* **Exercise description**: The answer must be only the lines below from the one holding "Ankle-high buffed calfskin" down to the one holding "(다시 보니 99k 저항선이", ends included, printed exactly; please omit all pictures.

* **Excerpted data**:
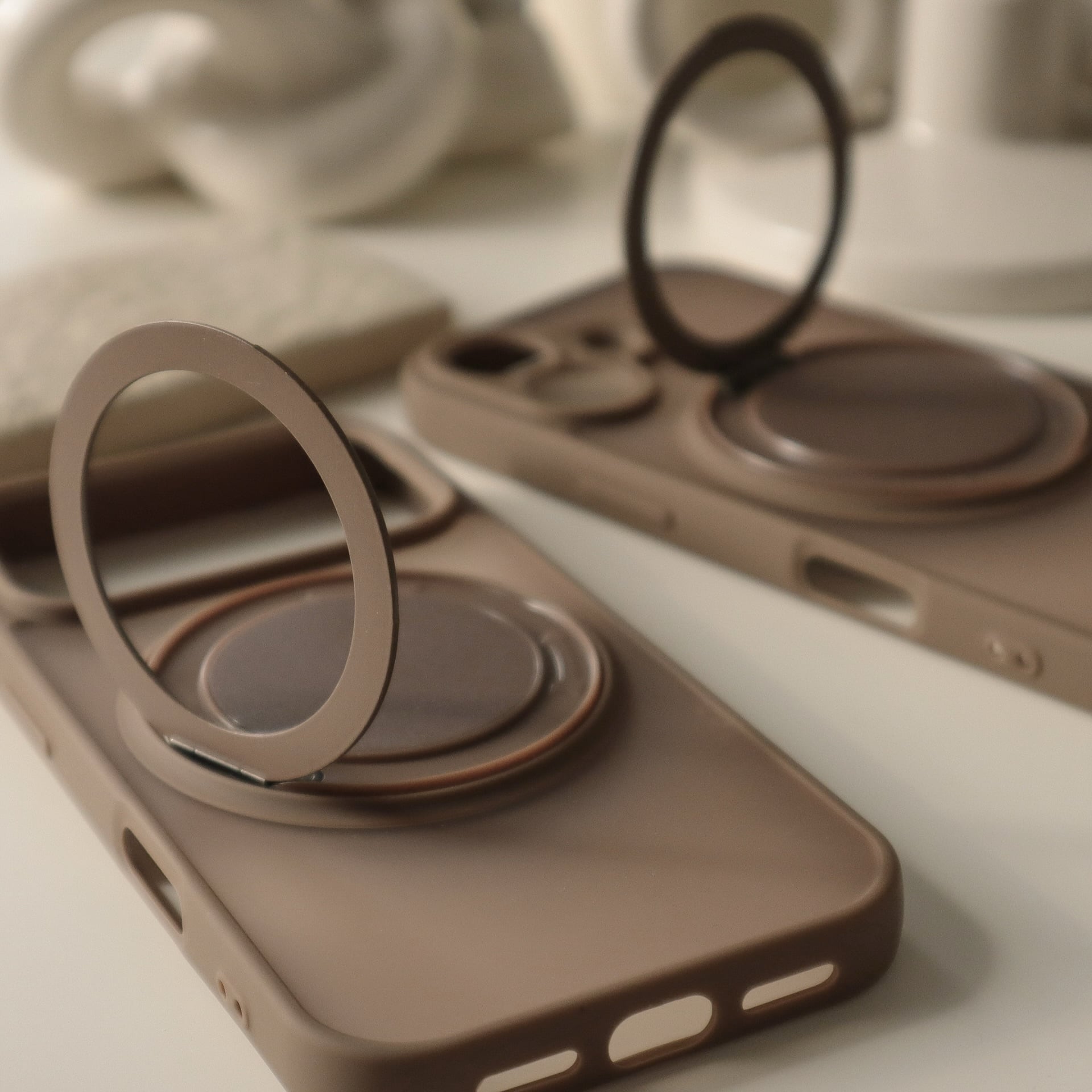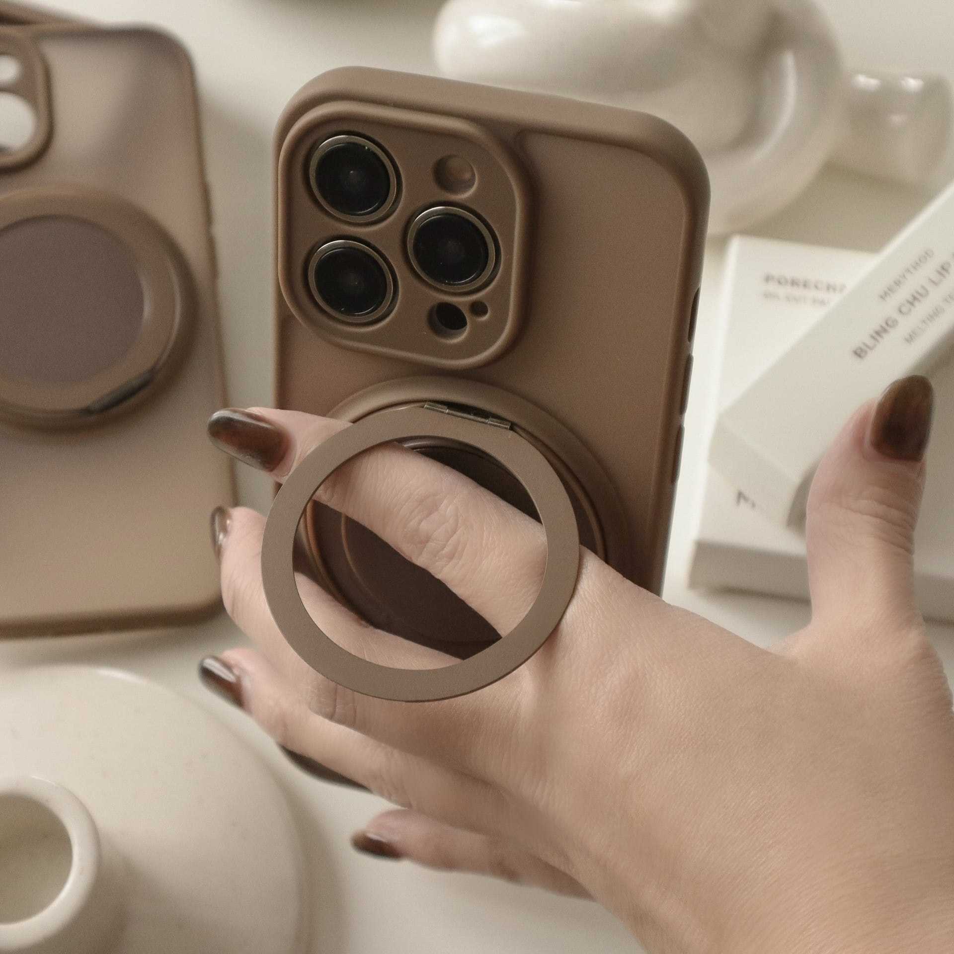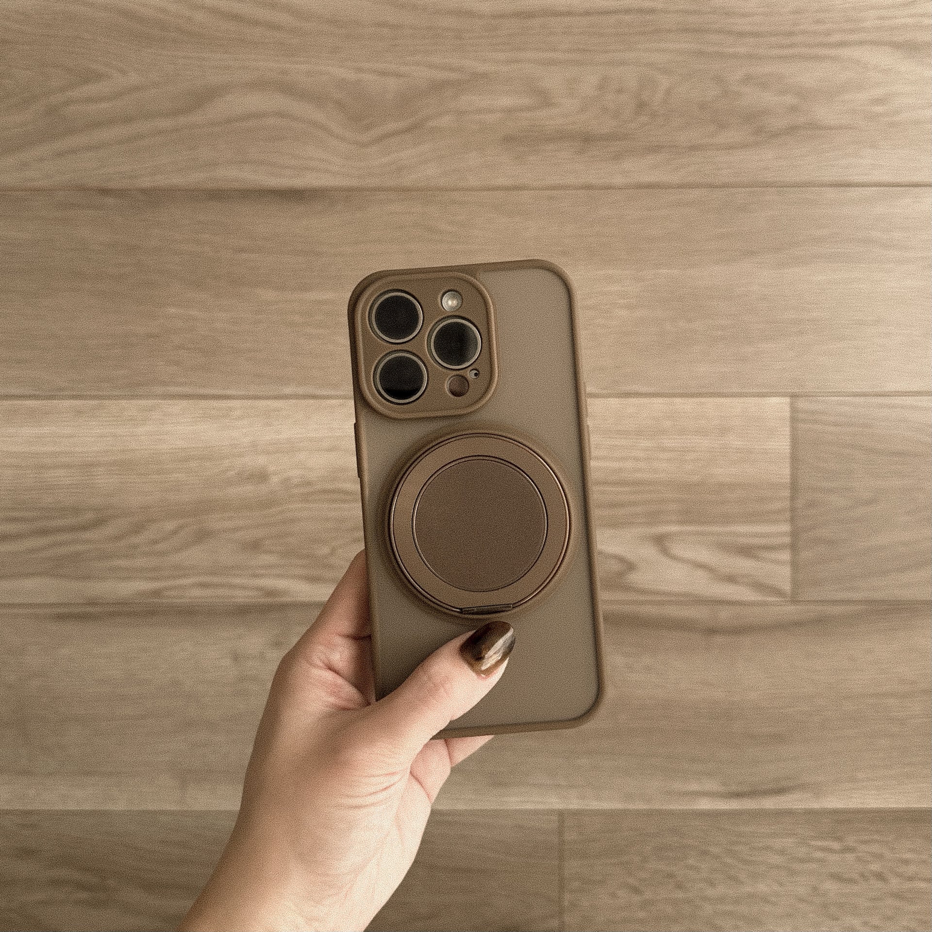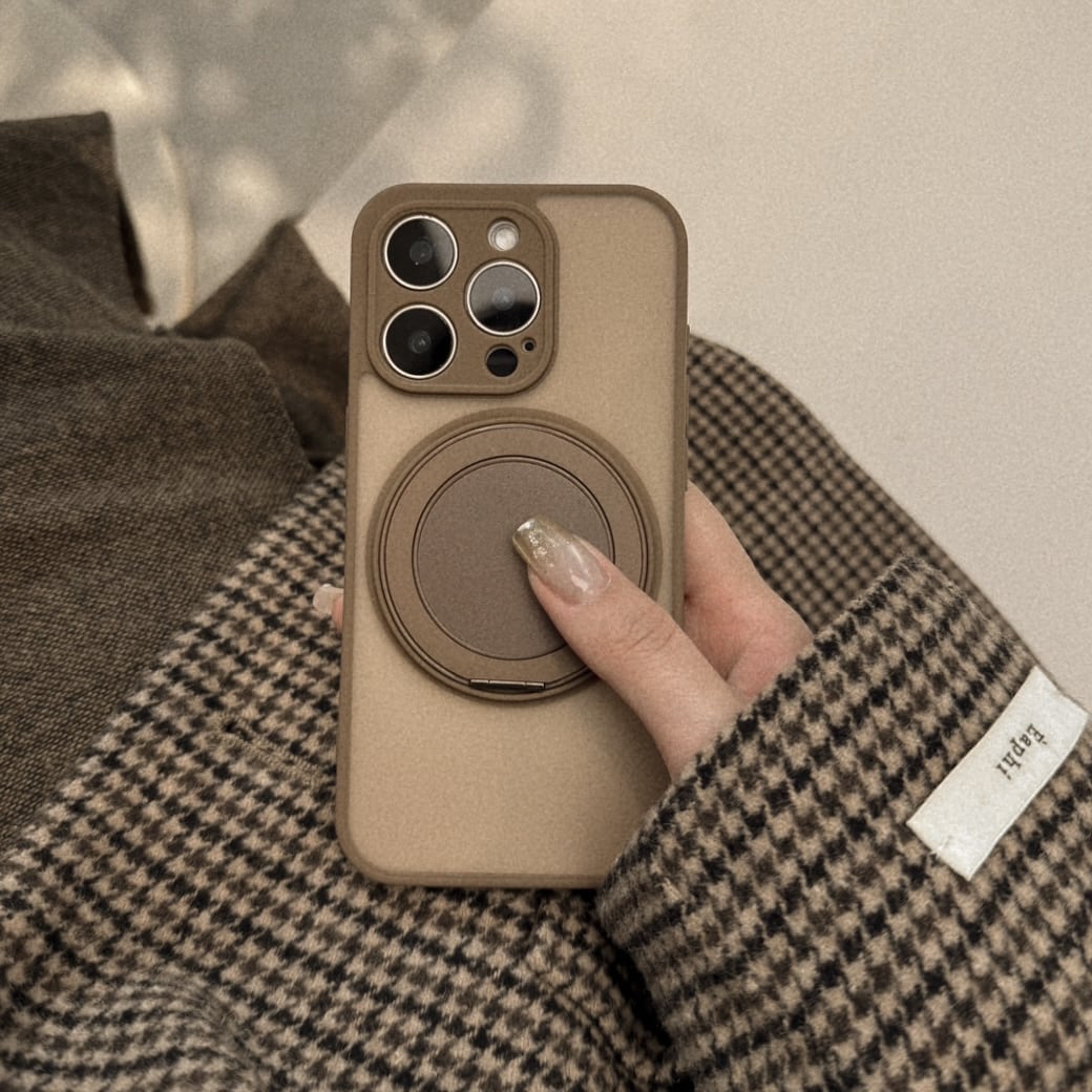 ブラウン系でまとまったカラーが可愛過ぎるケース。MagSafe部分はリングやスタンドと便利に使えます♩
* * *
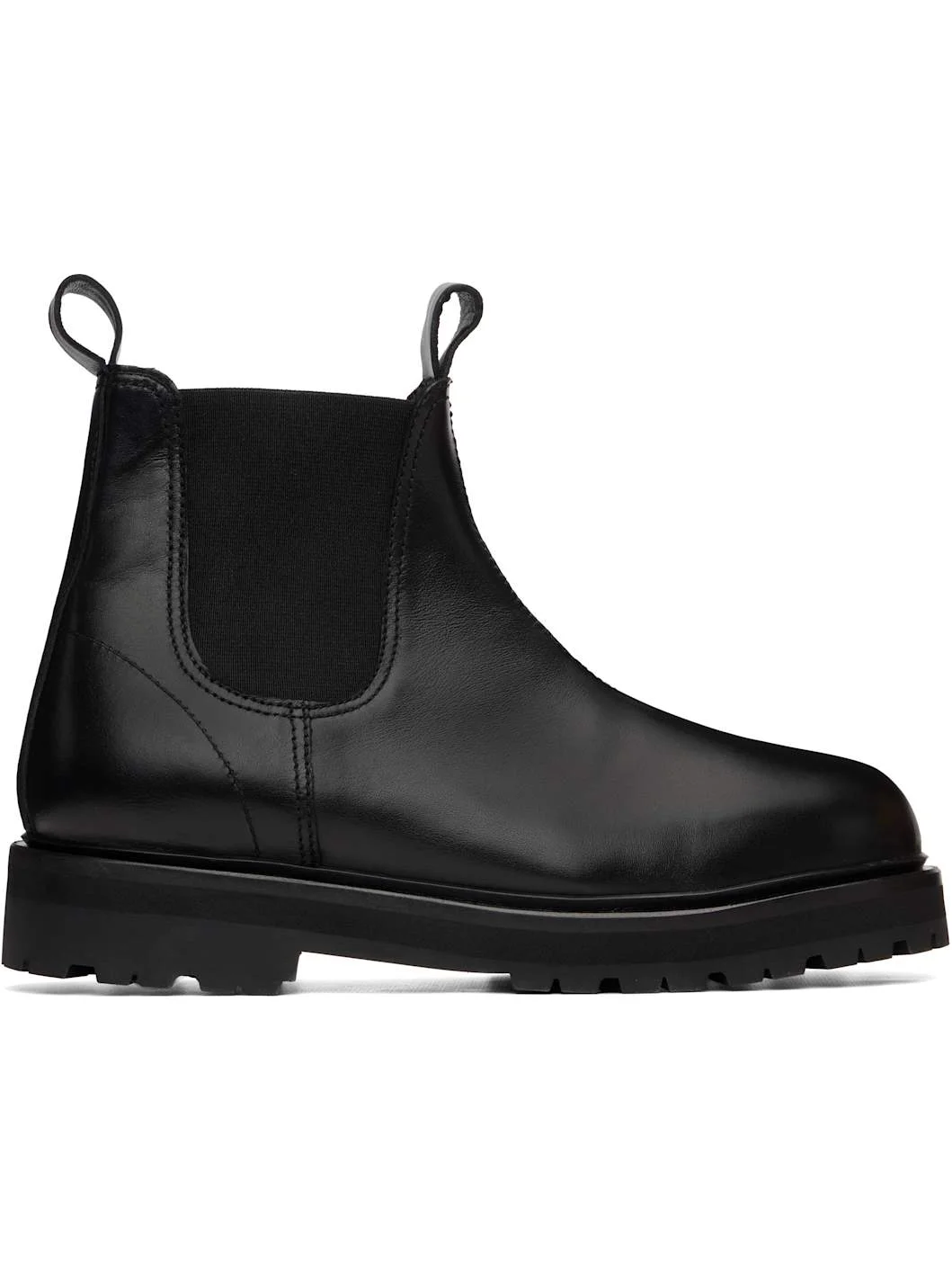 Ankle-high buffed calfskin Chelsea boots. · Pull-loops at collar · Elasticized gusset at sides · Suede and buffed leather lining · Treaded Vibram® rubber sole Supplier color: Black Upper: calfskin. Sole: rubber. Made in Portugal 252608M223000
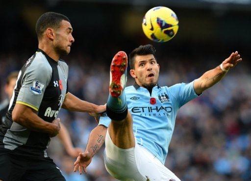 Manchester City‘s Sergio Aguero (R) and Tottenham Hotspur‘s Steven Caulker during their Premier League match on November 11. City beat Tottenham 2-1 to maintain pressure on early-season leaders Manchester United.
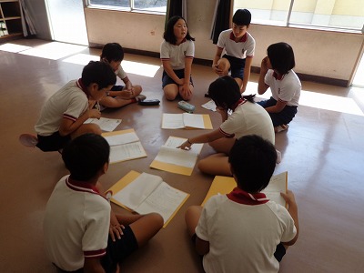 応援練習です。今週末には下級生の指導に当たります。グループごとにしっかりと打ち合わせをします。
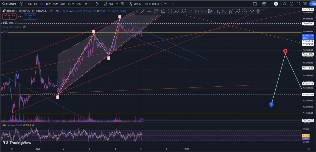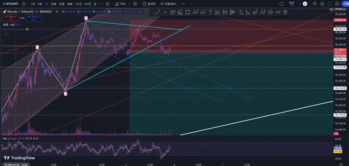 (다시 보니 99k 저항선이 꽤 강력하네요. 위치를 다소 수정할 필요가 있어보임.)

* **Answer to this exercise**:
 Ankle-high buffed calfskin Chelsea boots. · Pull-loops at collar · Elasticized gusset at sides · Suede and buffed leather lining · Treaded Vibram® rubber sole Supplier color: Black Upper: calfskin. Sole: rubber. Made in Portugal 252608M223000
 Manchester City‘s Sergio Aguero (R) and Tottenham Hotspur‘s Steven Caulker during their Premier League match on November 11. City beat Tottenham 2-1 to maintain pressure on early-season leaders Manchester United.
 応援練習です。今週末には下級生の指導に当たります。グループごとにしっかりと打ち合わせをします。
 (다시 보니 99k 저항선이 꽤 강력하네요. 위치를 다소 수정할 필요가 있어보임.)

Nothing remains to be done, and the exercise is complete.